Low-Wage Magnificent Mile Workers March For Higher Minimum Wage

Workers March The Mag Mile For A Higher Minimum Wage

Low-wage workers, community, labor and religious advocacy groups will march down Chicago’s “Magnificent Mile,” a shopping and tourist area with a high concentration of the city’s low-paying jobs, as part of a campaign to raise the minimum wage in Illinois.

The march will begin at 11:00 a.m. Thursday on Michigan Avenue, beginning at the Tribune Tower Plaza and continuing north to Huron Street, according to a news release issued by Action Now, the community organization that planned the march.

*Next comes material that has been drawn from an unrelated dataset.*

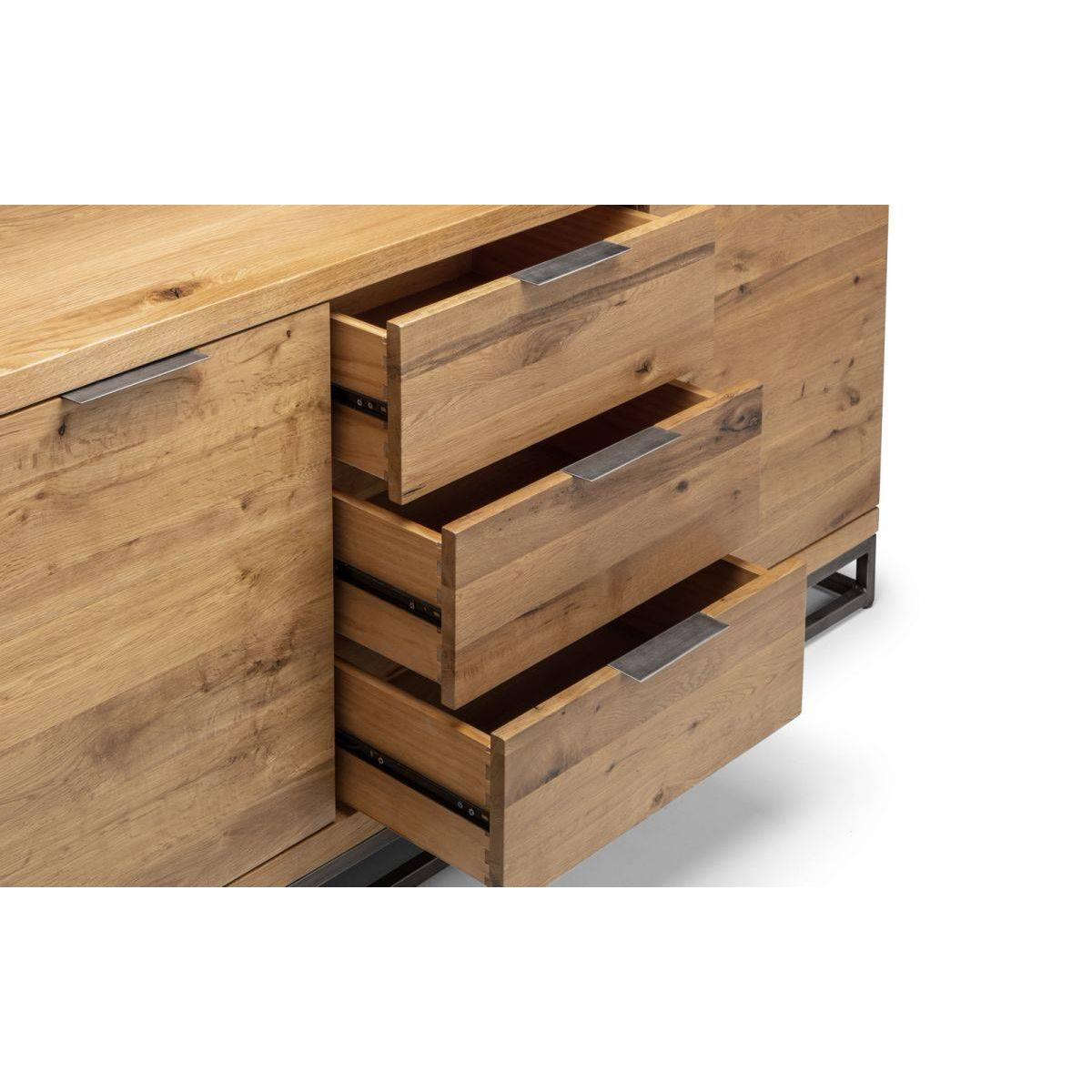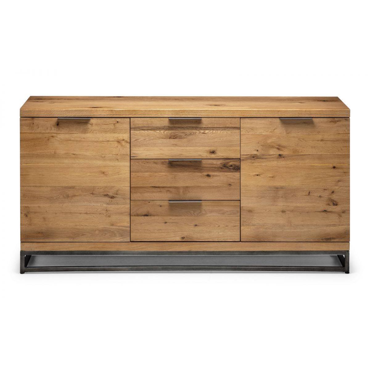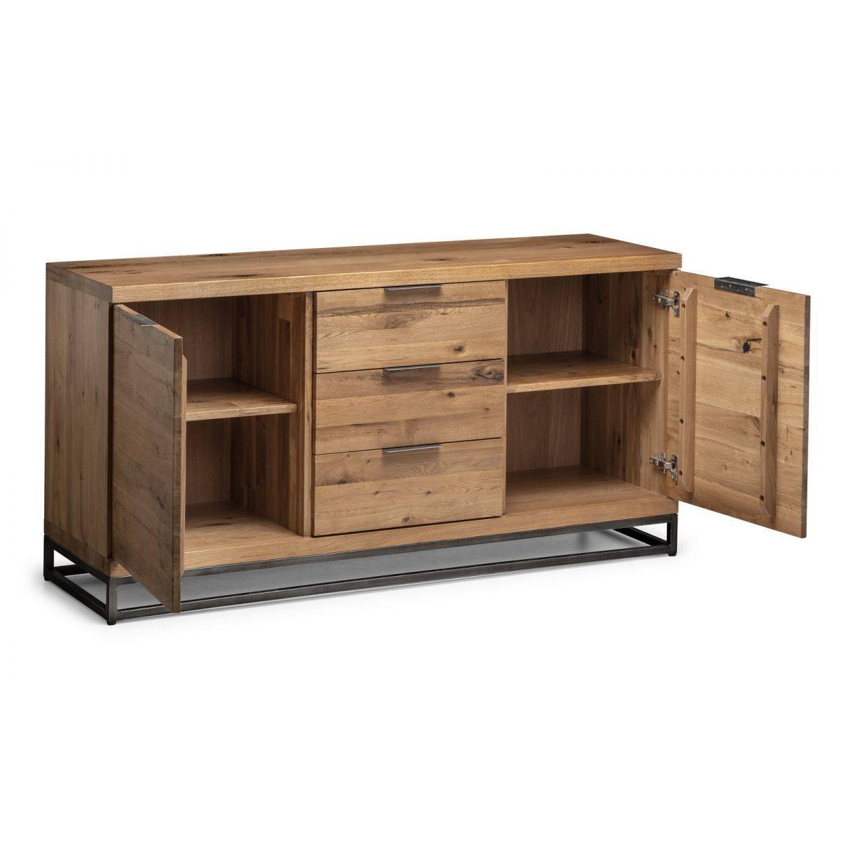 Made from solid oak, this Sideboard offers a rustic finish emphasising the stunning natural wood grain. The Brooklyn Sideboard offers a vintage edge featuring industrial style metal legs. Feautring two spacious cupboards with shelves, and three drawers, this sideboard is perfect for a wide range of modern decor. Part of the Julian Bowen Brooklyn Dining and Occasional Collection. Dimensions: 45cm (D) x 150cm (W) x 75.5cm (H)

The minimum wage in Illinois is currently $8.25 an hour. The Raise Illinois coalition hopes the march will promote Senate Bill 1565, legislation introduced this year that would raise the minimum wage up to $10.65 over four years.

The coalition conducted a poll in January and found that 71 percent of Illinois voters support a minimum wage increase, Action Now reports. According to the National Employment Law Project, the 1969 minimum wage of $1.60 per hour would be worth more than $10 per hour according to present-day values of the dollar. Nationally, however $7 per hour is the average minimum wage.

Marchers chose the “Magnificent Mile” as the site of their demonstration because the area brings in huge profits, but many of its businesses employ minimum wage workers, the Associated Press reports.

Participants will be carrying signs, chanting and distributing cards with information about the campaign to raise the minimum wage as they walk down Michigan Avenue, according to the release.